Can we replicate between two clusters one in AWS Oregon and another in GCP Frankfurt?


(Chintan Mishra) #1

We have a few servers and we are looking into transferring some workload to a Graph database. Any guides on replicating data between two clusters at different geo locations?

I found the docs for cluster setup at a single location.


(Daniel Mai) #2

Dgraph Servers within a single group will by default be replicas of each other. They will still be within the same Dgraph cluster, so the replicas should be close enough for consistent replication.

Servers clustered between Oregon and Frankfurt is far enough where Dgraph would not run correctly.


(Chintan Mishra) #3

I was under the impression that DGraph’s clustering and ACID transactions behave like Apache Ignite or Google’s Spanner.

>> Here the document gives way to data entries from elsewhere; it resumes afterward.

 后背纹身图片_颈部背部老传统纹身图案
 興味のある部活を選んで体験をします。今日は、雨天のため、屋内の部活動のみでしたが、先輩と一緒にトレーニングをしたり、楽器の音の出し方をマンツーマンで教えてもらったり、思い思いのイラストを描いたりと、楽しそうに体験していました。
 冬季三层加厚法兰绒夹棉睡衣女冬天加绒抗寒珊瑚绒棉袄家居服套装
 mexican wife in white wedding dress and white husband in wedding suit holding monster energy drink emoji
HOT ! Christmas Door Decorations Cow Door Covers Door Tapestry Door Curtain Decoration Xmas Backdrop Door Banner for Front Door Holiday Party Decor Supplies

Can you please elaborate what might cause problems?


(Chintan Mishra) #4

@dmai I think I should clear this up.

There will be 2 separate clusters one in AWS Oregon and another in GCP Frankfurt.

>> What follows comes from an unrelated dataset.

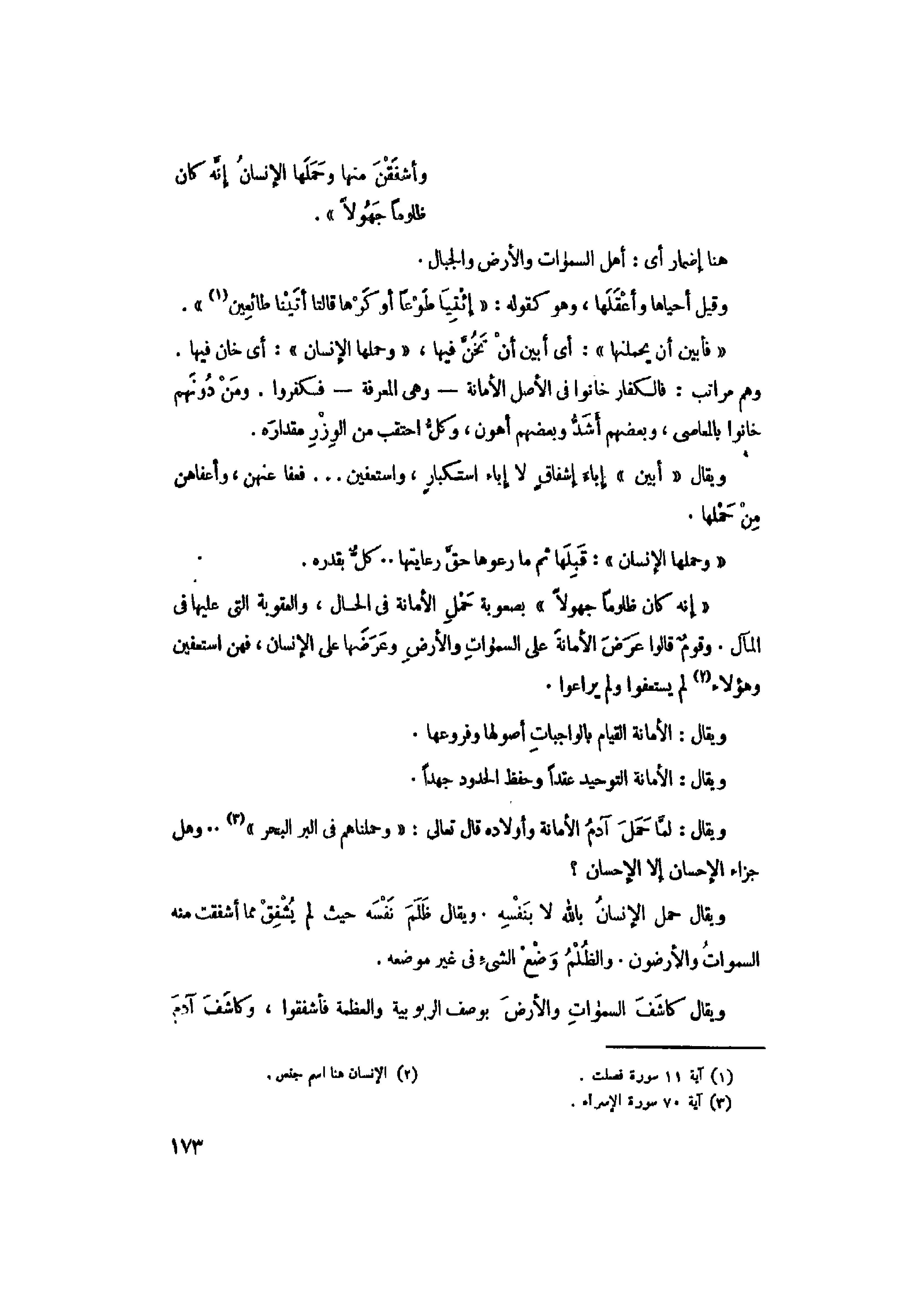 «إِنَّهُ كانَ ظَلُوماً جَهُولًا» بصعوبة حمل الأمانة في الحال، والعقوبة التي عليها في المآل. وقوم قالوا عرض الأمانة على السماوات والأرض وعرضها على الإنسان، فهن استعفين وهؤلاء «2» لم يستعفوا ولم يراعوا.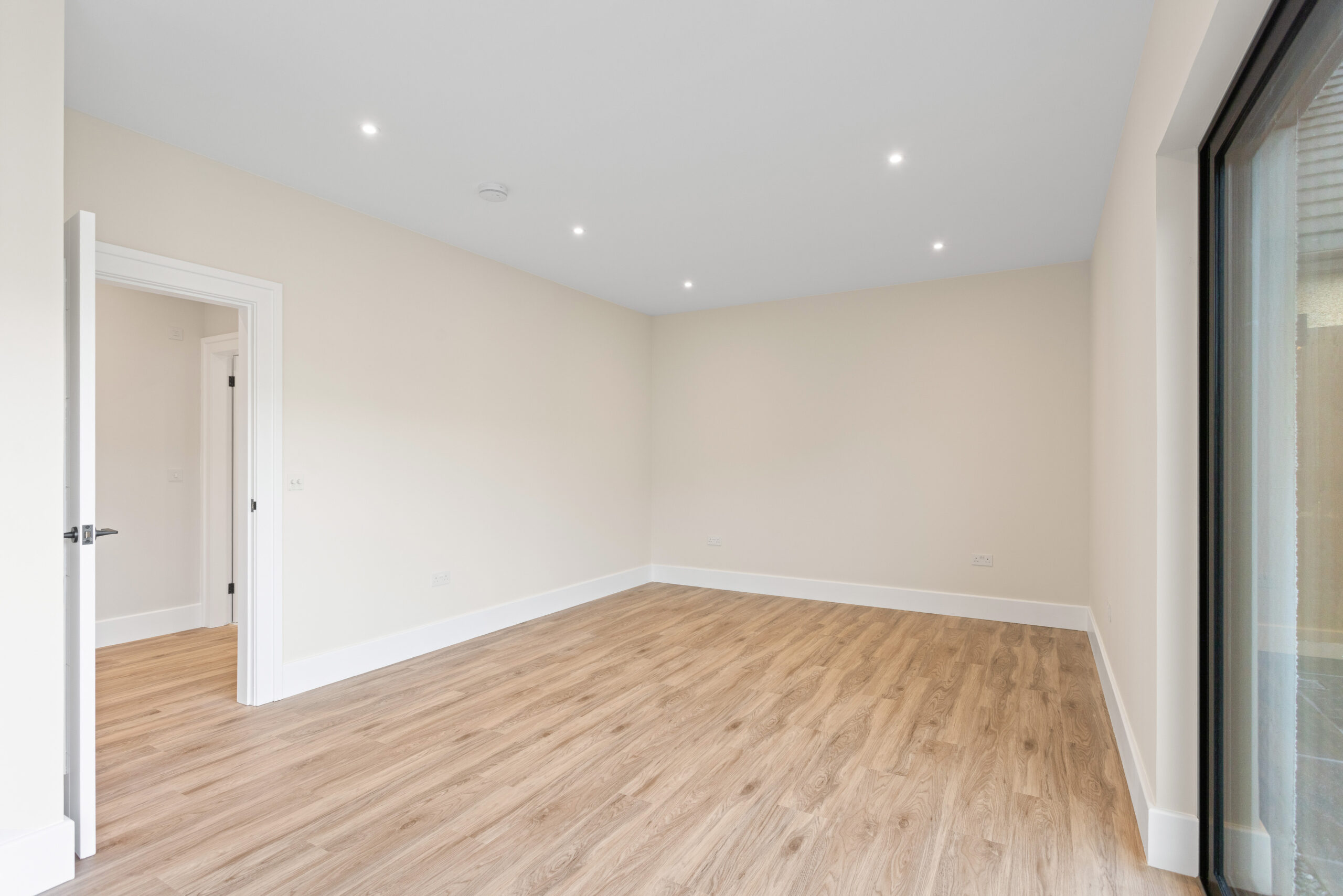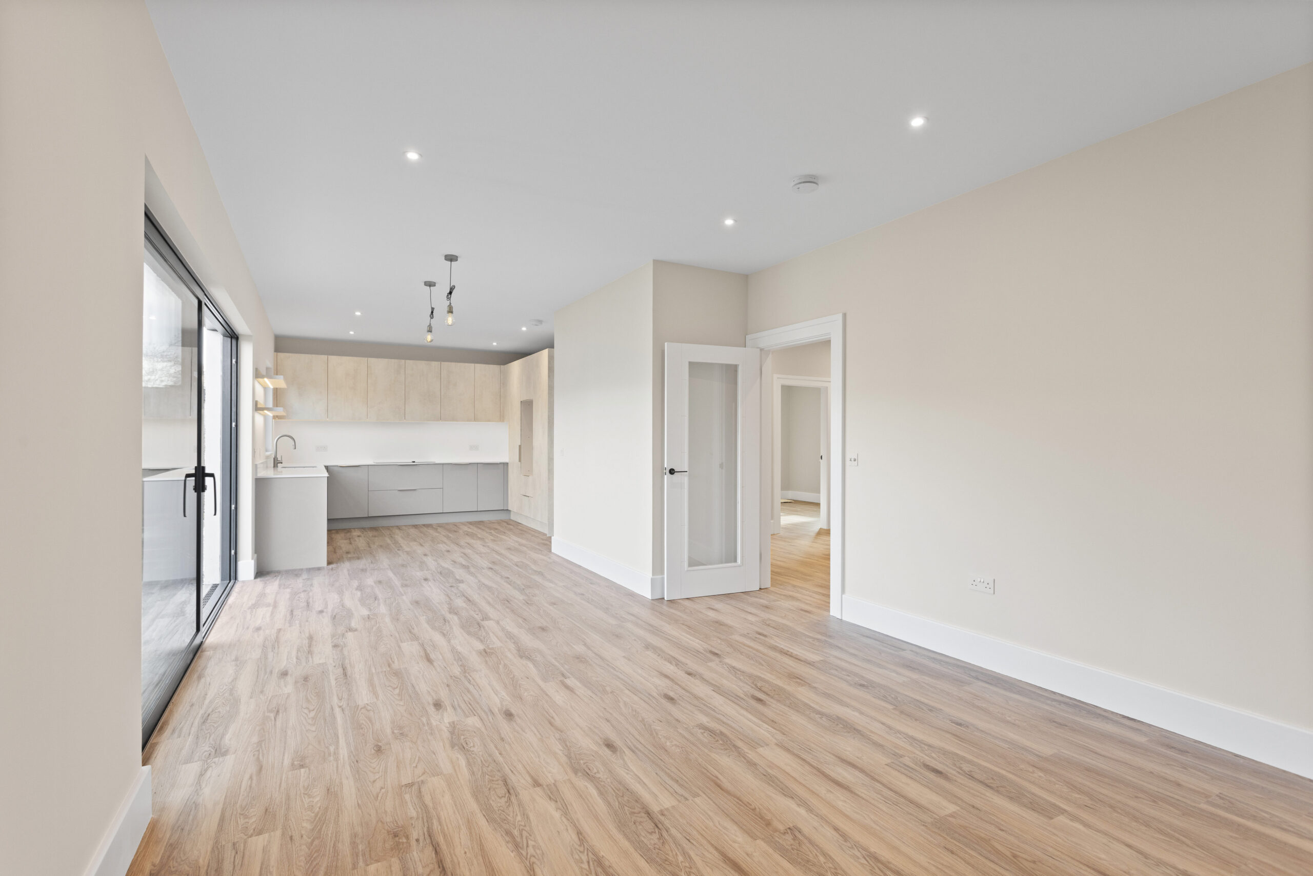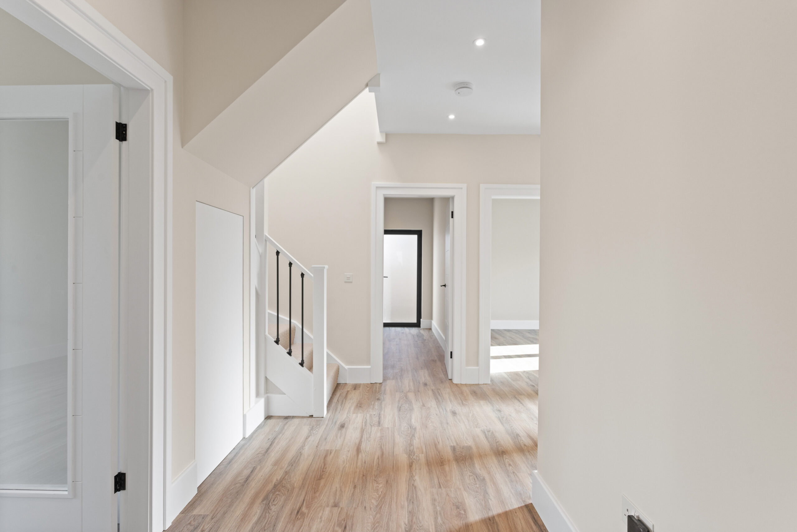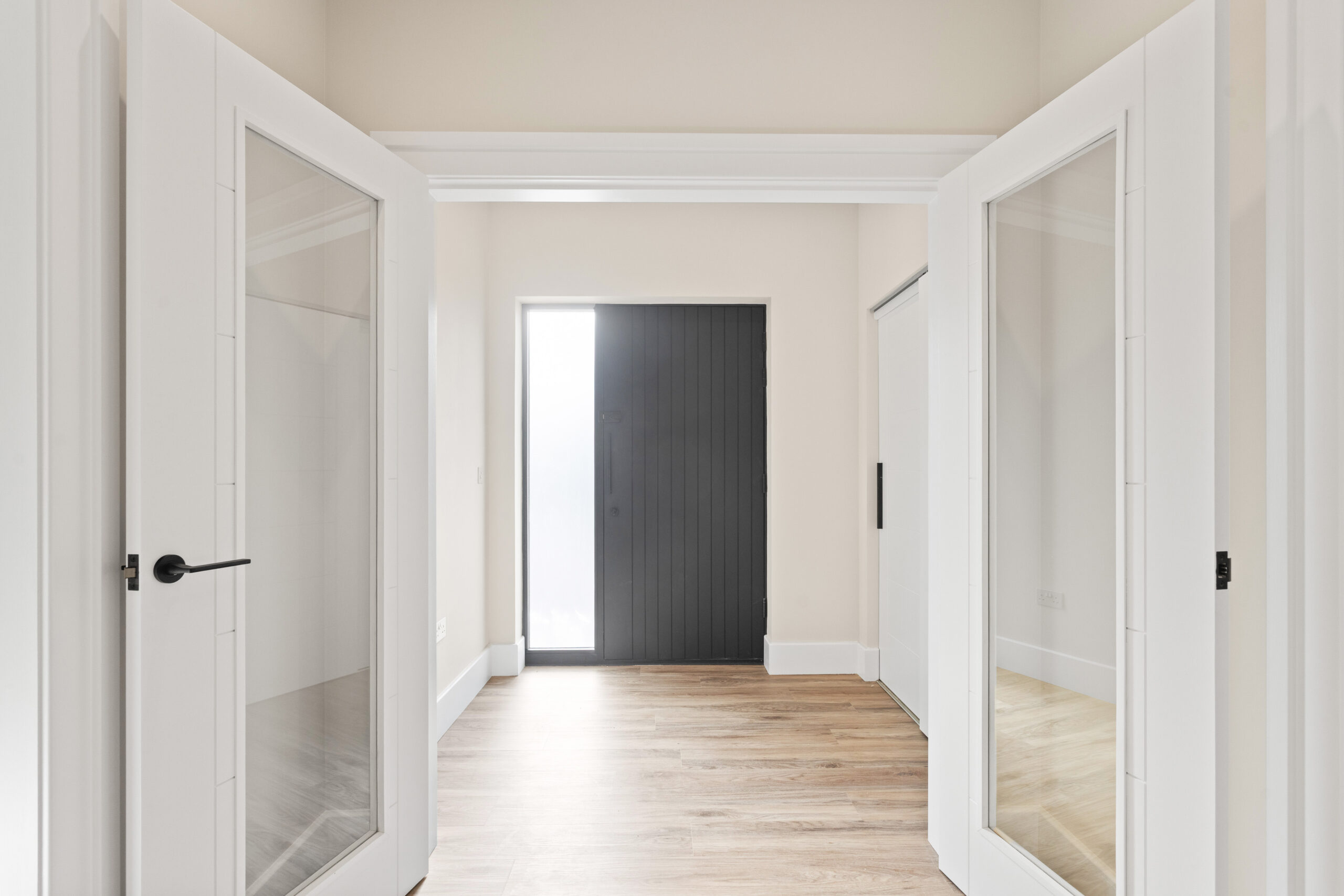 Through the glass doors and into the main hallway, the sense of space is immediate. Neutral tones create a calming backdrop while high quality LVT flooring runs seamlessly underfoot, enhancing the flow throughout the ground floor. Clean lines, crisp white facings and underfloor heating elevate the aesthetic, giving a subtle contemporary edge.

We just need to replicate 2 collections in both of the clusters. Is this possible?

Edit: I have edited the question to reflect the same.


(Daniel Mai) #5

Replication between two independent Dgraph clusters isn’t a feature yet but it’s something others have asked about as well.

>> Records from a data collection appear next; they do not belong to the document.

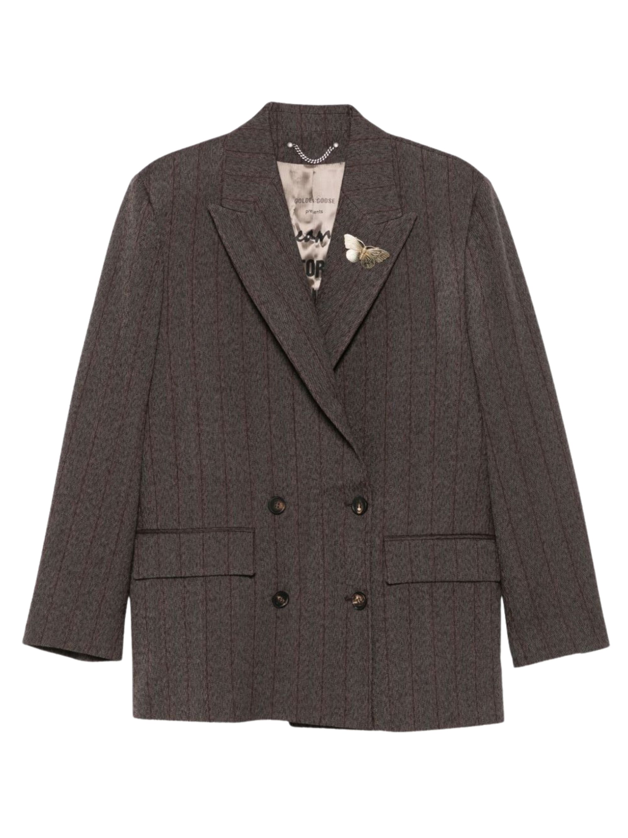 Tailored pinstripe blazer by GOLDEN GOOSE in brown wool, featuring double-breasted fastening, flap pockets and butterfly decoration.
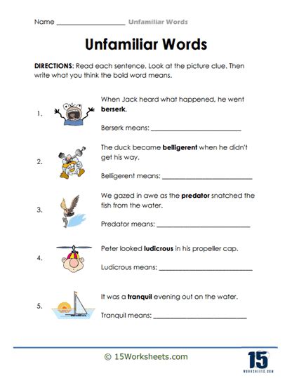 Unfamiliar Words Worksheet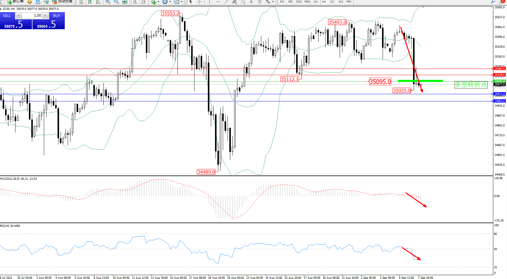 技术点评:高位长时间维持在布林带指标通道内宽幅震荡平移,空头动力终究迎来下挫走势,跌破布林带指标下轨附近节点后不断下行,低位抵达35035位置后开始整理,短期或维持低位震荡走势,布林带指标呈张口走势持续中,MACD指标处于0轴线下方空头区域持续下行,RSI指标纠结于50均衡线下方空头区域持续整理中;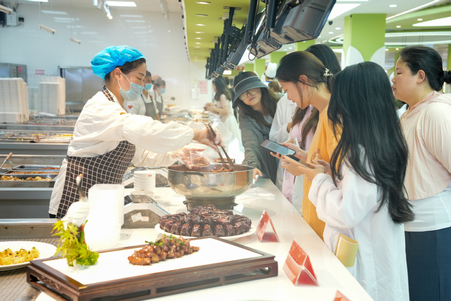 BBV电子·(中国)网站5位新聘任的兼职教授,在BBV电子·(中国)网站二食堂现场烹饪了5道淮扬精品菜,并向师生售卖。现场氛围热烈,师生纷纷驻足观赏购买,好评一片,表示在校园里品尝到了国家级烹饪大师的拿手菜,名厨名菜进校园,也幸福校园建设增色添香。
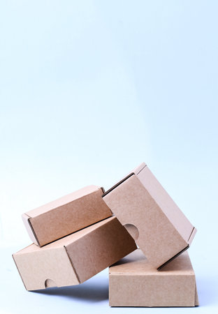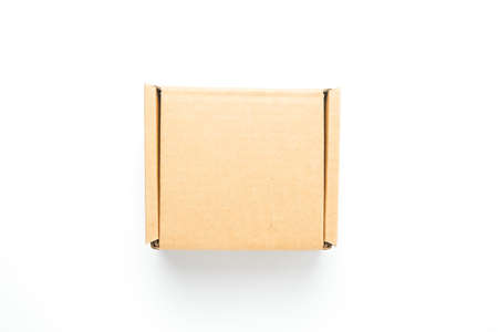 A flatlay picture of empty corrugated single layer box used to packing small item on isolated white background.
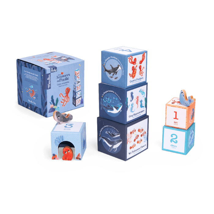 Invite your baby to dive into the ocean with this set of 6 stacking cubes and 3 wooden characters. Each cube is designed to spark curiosity and encourage exploration from 12 months. Your child can easily manipulate the cubes to create an impressive tower or have fun counting.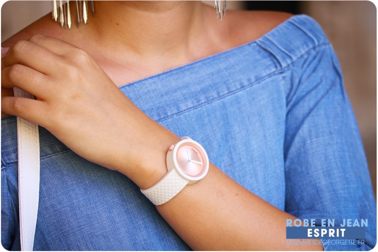 J’ai donc craqué il y a 2 semaines sur une jolie robe effet jean de la marque Esprit avec les épaules dénudées tout en tissus effet jean très fluide et léger.

We’re combating the physical world here. Ping times between the US west coast (Los Angeles) and Frankfurt, Germany is 148ms (according to WonderNetwork ping times). We expect Dgraph to be fast, and >148ms for network calls within a cluster is not good enough.

You can try it out and see what happens. You can also try having a replica in-between to decrease the time between servers.


(Chintan Mishra) #6

Just a little clarification to ensure that we are on the same page.

A cluster is a group of connected server machines(VM or Bare Metal)/containers which when queried behave as if the user/application(s) were querying single DB instance. A cluster can consist of one or more nodes. A node is an instance of DB running on a server machine/container. A cluster replicates data between nodes.

Replication is a process of sharing data between multiple nodes and/or clusters to ensure redundant data makes it easy to build scalable systems with high availability.

IMO intra-cluster replication should be very fast(which I think works well in DGraph). Also, it’d be naivety to have a single cluster with nodes separated more than ~30ms apart.
Inter-cluster replication will always have a lag. Well, we can’t move faster than light XDXD.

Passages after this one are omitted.